Jørgensen, Silje F; Buechner, Jochen; Myhre, Anders E; Galteland, Eivind; Spetalen, Signe; Kulseth, Mari Ann; Sorte, Hanne S; Holla, Øystein L; Lundman, Emma; Alme, Charlotte; Heier, Ingvild; Flægstad, Trond; Fløisand, Yngvar; Benneche, Andreas; Fevang, Børre; Aukrust, Pål; Stray-Pedersen, Asbjørg; Gedde-Dahl, Tobias; Nordøy, Ingvild.
Afiliação
  • Jørgensen SF; Section of Clinical Immunology and Infectious Diseases, Department of Rheumatology, Dermatology and Infectious Diseases, Oslo University Hospital, Rikshospitalet, Oslo, Norway. s.f.jorgensen@medisin.uio.no.
  • Buechner J; Research Institute of Internal Medicine, Division of Surgery, Inflammatory Diseases and Transplantation, Oslo University Hospital, Rikshospitalet, Oslo, Norway. s.f.jorgensen@medisin.uio.no.
  • Myhre AE; Department of Paediatric Haematology and Oncology, Division of Paediatric and Adolescent Medicine, Oslo University Hospital, Oslo, Norway.
  • Galteland E; Department of Haematology, Oslo University Hospital, Oslo, Norway.
  • Spetalen S; Department of Haematology, Oslo University Hospital, Oslo, Norway.
  • Kulseth MA; Department of Pathology, Oslo University Hospital, Oslo, Norway.
  • Sorte HS; Department of Medical Genetics, Oslo University Hospital, Oslo, Norway.
  • Holla ØL; Department of Medical Genetics, Oslo University Hospital, Oslo, Norway.
  • Lundman E; Department of Medical Genetics, Telemark Hospital, Skien, Norway.
  • Alme C; Norwegian National Unit for Newborn Screening, Division of Paediatric and Adolescent Medicine, Oslo University Hospital, Oslo, Norway.
  • Heier I; Department of Paediatric Haematology and Oncology, Division of Paediatric and Adolescent Medicine, Oslo University Hospital, Oslo, Norway.
  • Flægstad T; Department of Paediatric Haematology and Oncology, Division of Paediatric and Adolescent Medicine, Oslo University Hospital, Oslo, Norway.
  • Fløisand Y; Institute of Clinical Medicine, University of Tromsø, Tromsø, Norway.
  • Benneche A; Department of Paediatrics, University Hospital of North Norway, Tromsø, Norway.
  • Fevang B; Department of Haematology, The Clatterbridge Cancer Centre NHS Foundation Trust, Liverpool, UK.
  • Aukrust P; Centre for Cancer Cell Reprogramming, Institute for Cancer Research, Oslo University Hospital, Oslo, Norway.
  • Stray-Pedersen A; Department of Medical Genetics, Haukeland University Hospital, Bergen, Norway.
  • Gedde-Dahl T; Section of Clinical Immunology and Infectious Diseases, Department of Rheumatology, Dermatology and Infectious Diseases, Oslo University Hospital, Rikshospitalet, Oslo, Norway.
  • Nordøy I; Research Institute of Internal Medicine, Division of Surgery, Inflammatory Diseases and Transplantation, Oslo University Hospital, Rikshospitalet, Oslo, Norway.
J Clin Immunol ; 42(2): 404-420, 2022 02.
Article em En | MEDLINE | ID: mdl-34893945
ABSTRACT

PURPOSE:

GATA2 deficiency is a rare primary immunodeficiency that has become increasingly recognized due to improved molecular diagnostics and clinical awareness.

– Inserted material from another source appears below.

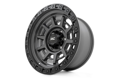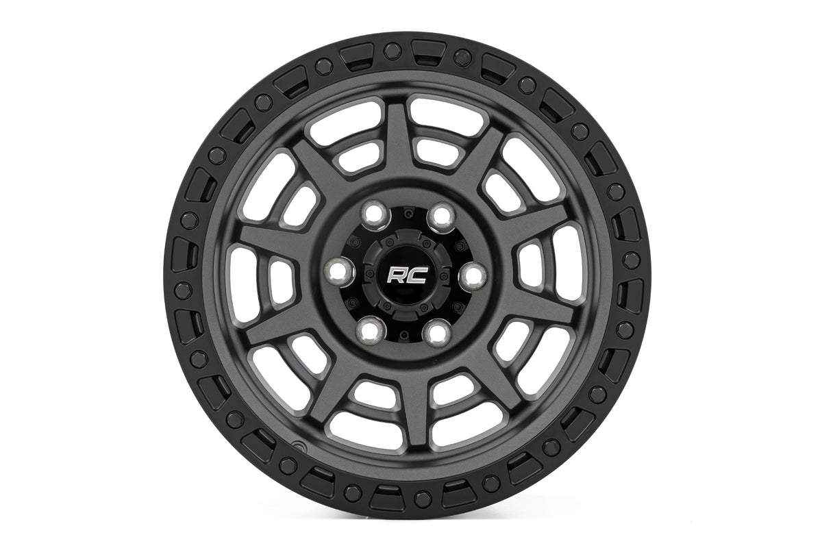 - Gunmetal Gray w/Black Ring. Simulated Beadlock. Single-piece aluminum construction delivers a super strong, super light wheel. Includes a Rough Country black center cap. Backed by a 1-year finish and Limited Lifetime Structural Warranty.

The only cure for GATA2 deficiency is allogeneic hematopoietic stem cell transplantation (allo-HSCT). The inconsistency of genotype-phenotype correlations makes the decision regarding "who and when" to transplant challenging. Despite considerable morbidity and mortality, the reported proportion of patients with GATA2 deficiency that has undergone allo-HSCT is low (~ 35%). The purpose of this study was to explore if detailed clinical, genetic, and bone marrow characteristics could predict end-point outcome, i.e., death and allo-HSCT.

METHODS:

All medical genetics departments in Norway were contacted to identify GATA2 deficient individuals. Clinical information, genetic variants, treatment, and outcome were subsequently retrieved from the patients' medical records.

RESULTS:

Between 2013 and 2020, we identified 10 index cases or probands, four additional symptomatic patients, and no asymptomatic patients with germline GATA2 variants. These patients had a diverse clinical phenotype dominated by cytopenia (13/14), myeloid neoplasia (10/14), warts (8/14), and hearing loss (7/14). No valid genotype-phenotype correlations were found in our data set, and the phenotypes varied also within families. We found that 11/14 patients (79%), with known GATA2 deficiency, had already undergone allo-HSCT. In addition, one patient is awaiting allo-HSCT. The indications to perform allo-HSCT were myeloid neoplasia, disseminated viral infection, severe obliterating bronchiolitis, and/or HPV-associated in situ carcinoma. Two patients died, 8 months and 7 years after allo-HSCT, respectively.

CONCLUSION:

Our main conclusion is that the majority of patients with symptomatic GATA2 deficiency will need allo-HSCT, and a close surveillance of these patients is important to find the "optimal window" for allo-HSCT. We advocate a more offensive approach to allo-HSCT than previously described.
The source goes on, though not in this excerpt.